Action item >> Please repeat the listing below exactly, but do not include its pictures.

Dataset excerpt >>
=== Section Start ===

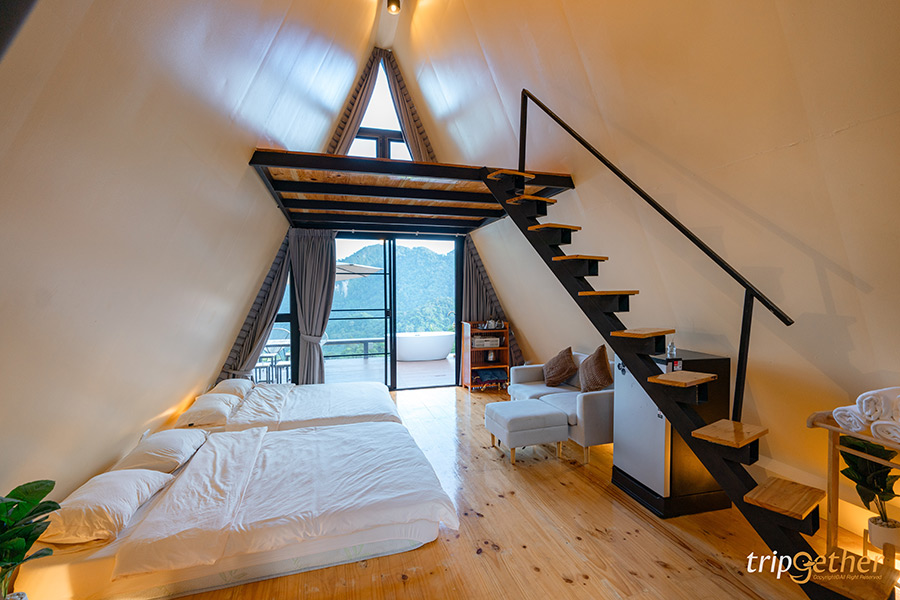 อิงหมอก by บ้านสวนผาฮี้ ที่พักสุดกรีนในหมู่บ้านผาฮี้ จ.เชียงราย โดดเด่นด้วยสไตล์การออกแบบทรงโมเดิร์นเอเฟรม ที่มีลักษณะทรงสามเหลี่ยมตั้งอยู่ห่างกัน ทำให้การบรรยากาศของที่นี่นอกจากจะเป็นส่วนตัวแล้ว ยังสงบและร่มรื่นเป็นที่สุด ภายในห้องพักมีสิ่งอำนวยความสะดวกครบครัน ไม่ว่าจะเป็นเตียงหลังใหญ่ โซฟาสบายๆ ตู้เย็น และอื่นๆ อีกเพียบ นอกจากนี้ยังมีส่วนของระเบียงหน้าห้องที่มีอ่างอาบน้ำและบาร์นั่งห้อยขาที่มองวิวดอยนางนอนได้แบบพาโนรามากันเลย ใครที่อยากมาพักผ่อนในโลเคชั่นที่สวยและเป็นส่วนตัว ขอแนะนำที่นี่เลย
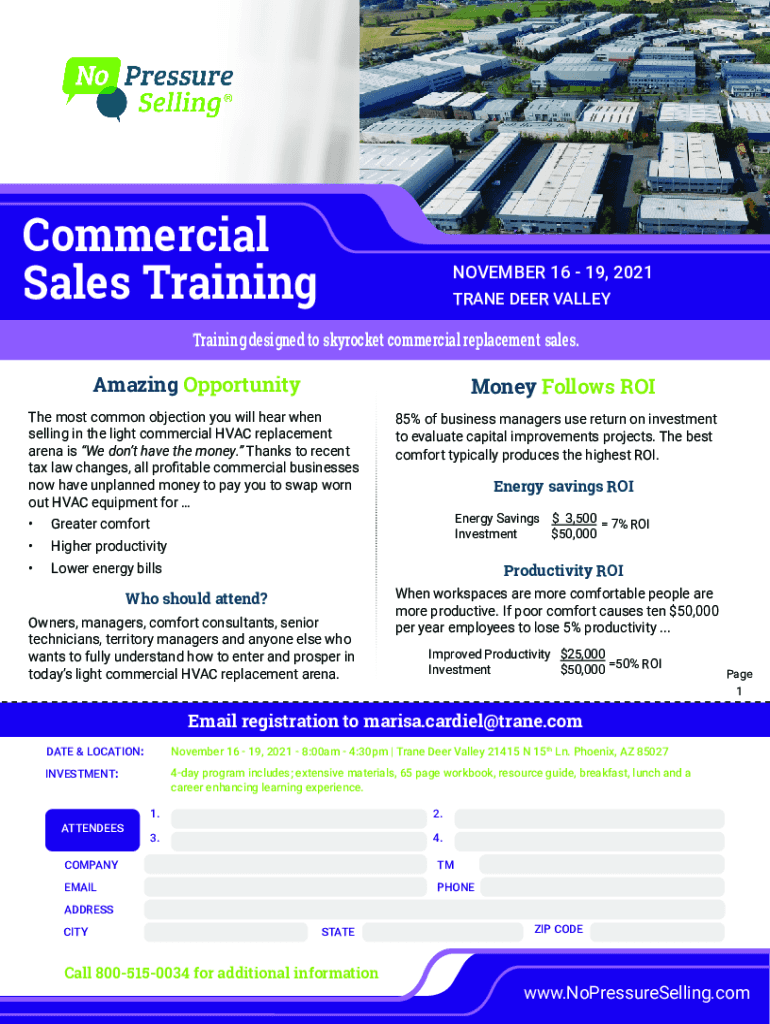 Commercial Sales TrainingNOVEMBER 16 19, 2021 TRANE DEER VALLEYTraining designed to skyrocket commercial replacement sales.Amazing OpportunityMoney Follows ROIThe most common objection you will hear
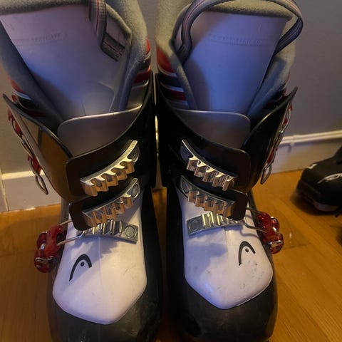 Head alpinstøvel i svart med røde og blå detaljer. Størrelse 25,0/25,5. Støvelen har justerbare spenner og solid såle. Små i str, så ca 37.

=== Section End ===

Result of the task >>
 อิงหมอก by บ้านสวนผาฮี้ ที่พักสุดกรีนในหมู่บ้านผาฮี้ จ.เชียงราย โดดเด่นด้วยสไตล์การออกแบบทรงโมเดิร์นเอเฟรม ที่มีลักษณะทรงสามเหลี่ยมตั้งอยู่ห่างกัน ทำให้การบรรยากาศของที่นี่นอกจากจะเป็นส่วนตัวแล้ว ยังสงบและร่มรื่นเป็นที่สุด ภายในห้องพักมีสิ่งอำนวยความสะดวกครบครัน ไม่ว่าจะเป็นเตียงหลังใหญ่ โซฟาสบายๆ ตู้เย็น และอื่นๆ อีกเพียบ นอกจากนี้ยังมีส่วนของระเบียงหน้าห้องที่มีอ่างอาบน้ำและบาร์นั่งห้อยขาที่มองวิวดอยนางนอนได้แบบพาโนรามากันเลย ใครที่อยากมาพักผ่อนในโลเคชั่นที่สวยและเป็นส่วนตัว ขอแนะนำที่นี่เลย
 Commercial Sales TrainingNOVEMBER 16 19, 2021 TRANE DEER VALLEYTraining designed to skyrocket commercial replacement sales.Amazing OpportunityMoney Follows ROIThe most common objection you will hear
 Head alpinstøvel i svart med røde og blå detaljer. Størrelse 25,0/25,5. Støvelen har justerbare spenner og solid såle. Små i str, så ca 37.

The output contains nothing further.